The night spent with BF was great. Well, times together with him are always enjoyable. I feel fortunate. Feeling sweet in my heart. Will oways remember each and every single moment spent with you no matter what may happen in future. Love u lots.
*Not obvious right my anti-durian gang?* By,
CarysMummy
The Death Test.
At 1:38 AM on
Wednesday, February 02, 2005
August 2070 at age 85
- probable cause -
cancer
YOU DIE:
85.2 years
WHY YOU DIE?
56% cancer
24% car accident
13% overdose
5% drowning of the lungs
2% wounds
You have 23928.7 days left on this earth.

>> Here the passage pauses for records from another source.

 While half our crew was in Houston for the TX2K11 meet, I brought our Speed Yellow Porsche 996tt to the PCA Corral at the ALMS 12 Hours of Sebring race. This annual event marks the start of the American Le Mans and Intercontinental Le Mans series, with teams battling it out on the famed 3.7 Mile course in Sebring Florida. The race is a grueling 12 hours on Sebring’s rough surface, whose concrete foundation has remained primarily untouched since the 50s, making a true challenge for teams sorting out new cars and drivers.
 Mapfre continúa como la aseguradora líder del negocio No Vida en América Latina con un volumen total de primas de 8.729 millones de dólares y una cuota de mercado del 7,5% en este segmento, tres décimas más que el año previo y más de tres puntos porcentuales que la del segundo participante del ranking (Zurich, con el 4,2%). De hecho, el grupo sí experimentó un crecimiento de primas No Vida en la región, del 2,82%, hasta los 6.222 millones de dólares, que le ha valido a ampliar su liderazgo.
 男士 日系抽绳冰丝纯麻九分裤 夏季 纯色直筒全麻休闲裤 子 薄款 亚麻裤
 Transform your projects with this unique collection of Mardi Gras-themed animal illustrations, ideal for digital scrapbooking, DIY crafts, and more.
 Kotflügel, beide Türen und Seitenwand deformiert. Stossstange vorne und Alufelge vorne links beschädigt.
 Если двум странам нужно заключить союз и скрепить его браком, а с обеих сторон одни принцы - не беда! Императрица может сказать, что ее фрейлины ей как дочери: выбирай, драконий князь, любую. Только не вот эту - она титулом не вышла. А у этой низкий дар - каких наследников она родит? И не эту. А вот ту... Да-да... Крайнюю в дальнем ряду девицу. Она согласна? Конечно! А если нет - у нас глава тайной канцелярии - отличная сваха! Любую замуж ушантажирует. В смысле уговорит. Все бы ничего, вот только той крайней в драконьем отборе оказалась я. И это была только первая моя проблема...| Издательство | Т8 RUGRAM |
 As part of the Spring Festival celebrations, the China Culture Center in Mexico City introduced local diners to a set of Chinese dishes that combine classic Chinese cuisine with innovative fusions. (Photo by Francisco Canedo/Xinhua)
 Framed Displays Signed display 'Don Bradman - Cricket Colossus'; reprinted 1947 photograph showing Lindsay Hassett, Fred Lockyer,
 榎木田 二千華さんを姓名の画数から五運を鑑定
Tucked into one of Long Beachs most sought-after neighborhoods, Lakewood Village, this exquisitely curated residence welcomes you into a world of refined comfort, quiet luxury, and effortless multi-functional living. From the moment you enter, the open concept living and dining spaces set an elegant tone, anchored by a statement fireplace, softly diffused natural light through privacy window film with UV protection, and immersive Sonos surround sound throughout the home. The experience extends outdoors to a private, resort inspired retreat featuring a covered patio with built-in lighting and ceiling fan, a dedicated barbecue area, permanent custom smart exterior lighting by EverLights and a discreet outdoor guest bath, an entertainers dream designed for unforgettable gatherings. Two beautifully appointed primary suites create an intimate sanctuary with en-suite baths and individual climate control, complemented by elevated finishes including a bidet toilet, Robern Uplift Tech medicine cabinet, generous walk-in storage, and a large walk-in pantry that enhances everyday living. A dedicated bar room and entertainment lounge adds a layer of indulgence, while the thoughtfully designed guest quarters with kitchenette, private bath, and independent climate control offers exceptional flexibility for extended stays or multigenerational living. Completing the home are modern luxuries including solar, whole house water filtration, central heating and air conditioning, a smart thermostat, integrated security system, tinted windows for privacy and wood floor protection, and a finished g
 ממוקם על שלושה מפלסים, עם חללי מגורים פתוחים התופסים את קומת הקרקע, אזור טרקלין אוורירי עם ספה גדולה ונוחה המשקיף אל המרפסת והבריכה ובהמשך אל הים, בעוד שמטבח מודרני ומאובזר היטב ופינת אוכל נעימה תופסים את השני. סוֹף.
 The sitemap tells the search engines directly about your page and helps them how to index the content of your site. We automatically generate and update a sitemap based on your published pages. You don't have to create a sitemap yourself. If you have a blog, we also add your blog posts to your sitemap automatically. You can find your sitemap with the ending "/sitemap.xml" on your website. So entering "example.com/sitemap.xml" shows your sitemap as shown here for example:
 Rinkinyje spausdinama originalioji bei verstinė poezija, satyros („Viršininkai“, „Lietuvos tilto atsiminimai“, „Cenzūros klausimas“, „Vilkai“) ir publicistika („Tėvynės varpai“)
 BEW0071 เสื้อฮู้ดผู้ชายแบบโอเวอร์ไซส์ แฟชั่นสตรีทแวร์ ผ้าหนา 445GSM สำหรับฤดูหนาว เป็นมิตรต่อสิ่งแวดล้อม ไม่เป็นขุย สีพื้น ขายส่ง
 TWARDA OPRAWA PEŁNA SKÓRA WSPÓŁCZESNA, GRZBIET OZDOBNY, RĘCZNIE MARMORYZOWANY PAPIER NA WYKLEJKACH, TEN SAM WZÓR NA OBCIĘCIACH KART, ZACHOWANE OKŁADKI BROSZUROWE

You've already lived 23% of your life.
By,
CarysMummy
L O V E
At 4:43 PM on
Tuesday, February 01, 2005
I'm happy knowing my frens are happy to see a happy Jasmine. From now on I just wan to be happy. Case closed.
WEN SHI JIAN QING WEI HE WU? ( BF will not understand this. LOL. ) Isn't LOVE supposed to be sweet and makes one feel on top of the world? Den in that case why are there so many pple suffering and miserable because of that? I dun understand why.
Dun worry my dear frens. There's nothing wrong with me. That's just a thot. I'm feeling loved. The happiest ever in this 2 yrs after that incident. And I sincerely want everyone around me to be happy. Let's work together ya?